YOUR TASK:
Since the records include pictures, leave those out while you reproduce exactly and only the lines from the one containing "в реале лучше" through the one containing "पुनको घरको कुनामा", inclusive.

THE DATA section start

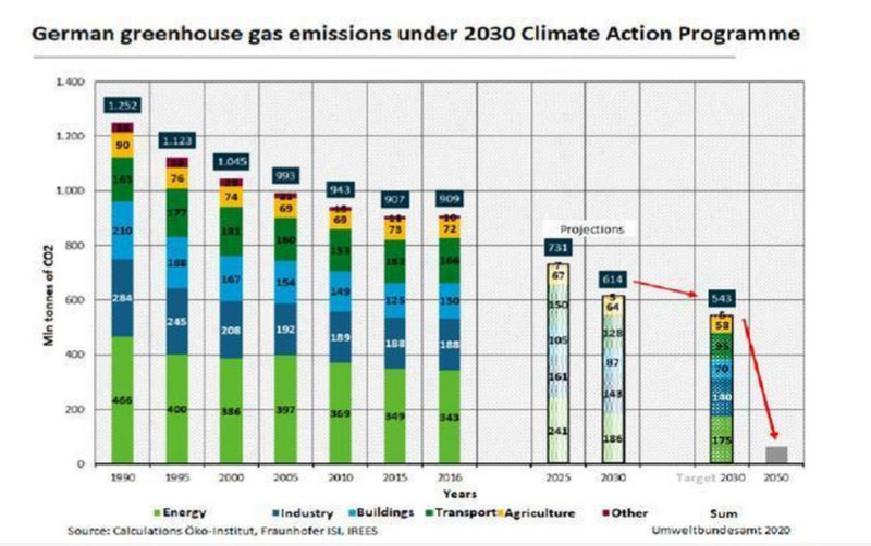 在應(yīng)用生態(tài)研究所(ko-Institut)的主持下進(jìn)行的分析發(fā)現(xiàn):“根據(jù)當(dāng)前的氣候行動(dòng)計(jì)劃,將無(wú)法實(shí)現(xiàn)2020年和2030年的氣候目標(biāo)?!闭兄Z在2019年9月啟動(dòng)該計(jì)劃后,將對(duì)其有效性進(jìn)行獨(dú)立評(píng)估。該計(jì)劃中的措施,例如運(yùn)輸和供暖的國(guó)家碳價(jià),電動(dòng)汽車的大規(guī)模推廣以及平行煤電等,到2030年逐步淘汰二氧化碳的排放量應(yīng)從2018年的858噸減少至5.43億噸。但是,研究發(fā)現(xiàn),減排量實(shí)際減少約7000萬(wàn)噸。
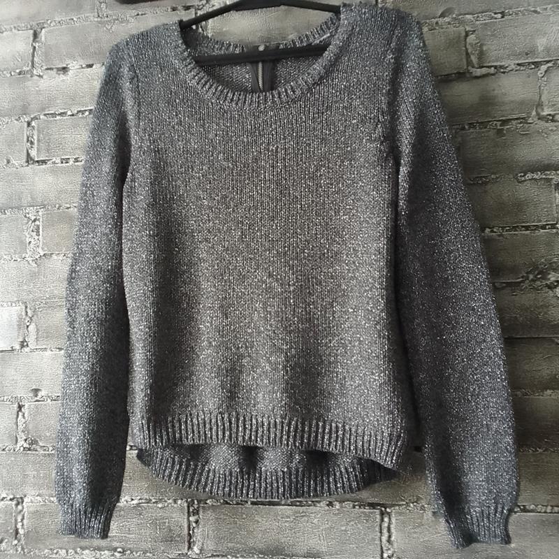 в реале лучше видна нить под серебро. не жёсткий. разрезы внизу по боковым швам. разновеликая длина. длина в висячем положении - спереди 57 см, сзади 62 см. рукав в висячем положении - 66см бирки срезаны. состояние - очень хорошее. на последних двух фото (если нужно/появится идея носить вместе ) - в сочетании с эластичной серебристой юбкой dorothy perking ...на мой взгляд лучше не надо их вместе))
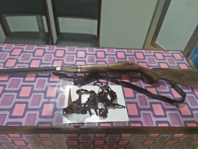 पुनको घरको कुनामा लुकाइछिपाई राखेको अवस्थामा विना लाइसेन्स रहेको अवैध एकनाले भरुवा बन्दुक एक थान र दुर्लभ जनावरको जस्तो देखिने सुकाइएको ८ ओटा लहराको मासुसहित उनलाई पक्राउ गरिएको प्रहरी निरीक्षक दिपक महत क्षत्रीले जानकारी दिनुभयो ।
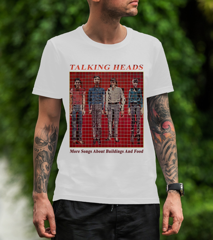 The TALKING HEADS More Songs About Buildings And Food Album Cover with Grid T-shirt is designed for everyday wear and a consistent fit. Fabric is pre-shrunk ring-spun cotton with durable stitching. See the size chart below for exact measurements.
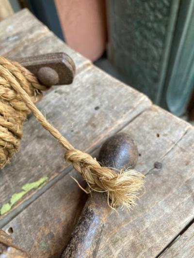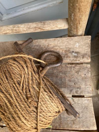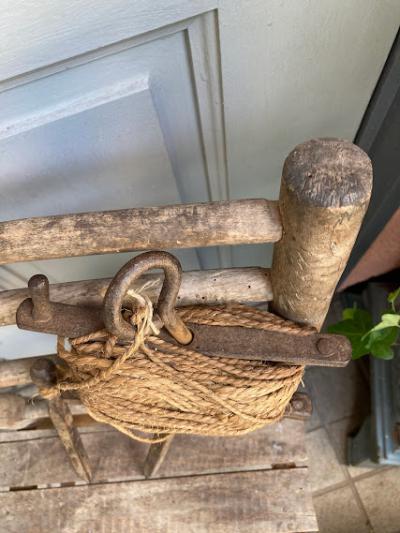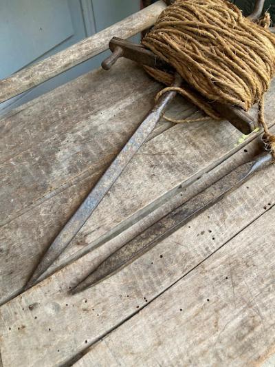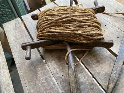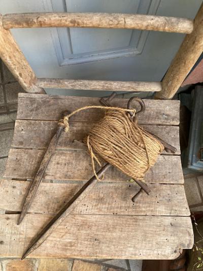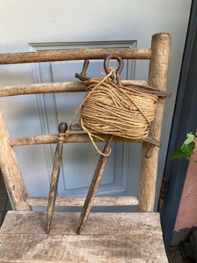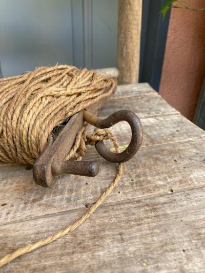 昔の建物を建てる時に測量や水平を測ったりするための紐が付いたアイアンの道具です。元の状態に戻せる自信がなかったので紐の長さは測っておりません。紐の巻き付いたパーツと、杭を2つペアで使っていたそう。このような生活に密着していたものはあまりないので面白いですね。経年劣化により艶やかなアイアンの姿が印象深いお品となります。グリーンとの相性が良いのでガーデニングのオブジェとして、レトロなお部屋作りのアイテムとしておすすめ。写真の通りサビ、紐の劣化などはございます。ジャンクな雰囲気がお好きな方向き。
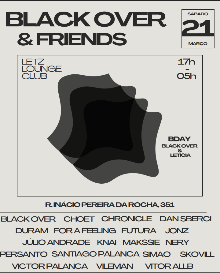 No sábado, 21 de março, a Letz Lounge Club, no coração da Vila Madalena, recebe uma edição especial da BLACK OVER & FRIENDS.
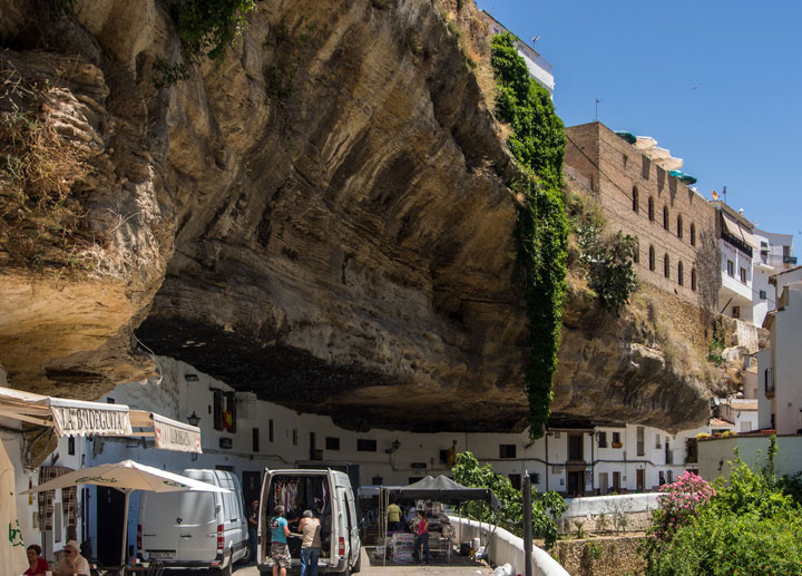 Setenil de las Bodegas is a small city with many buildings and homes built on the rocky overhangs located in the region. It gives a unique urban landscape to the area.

THE DATA section end

REPLY TO THE TASK:
 в реале лучше видна нить под серебро. не жёсткий. разрезы внизу по боковым швам. разновеликая длина. длина в висячем положении - спереди 57 см, сзади 62 см. рукав в висячем положении - 66см бирки срезаны. состояние - очень хорошее. на последних двух фото (если нужно/появится идея носить вместе ) - в сочетании с эластичной серебристой юбкой dorothy perking ...на мой взгляд лучше не надо их вместе))
 पुनको घरको कुनामा लुकाइछिपाई राखेको अवस्थामा विना लाइसेन्स रहेको अवैध एकनाले भरुवा बन्दुक एक थान र दुर्लभ जनावरको जस्तो देखिने सुकाइएको ८ ओटा लहराको मासुसहित उनलाई पक्राउ गरिएको प्रहरी निरीक्षक दिपक महत क्षत्रीले जानकारी दिनुभयो ।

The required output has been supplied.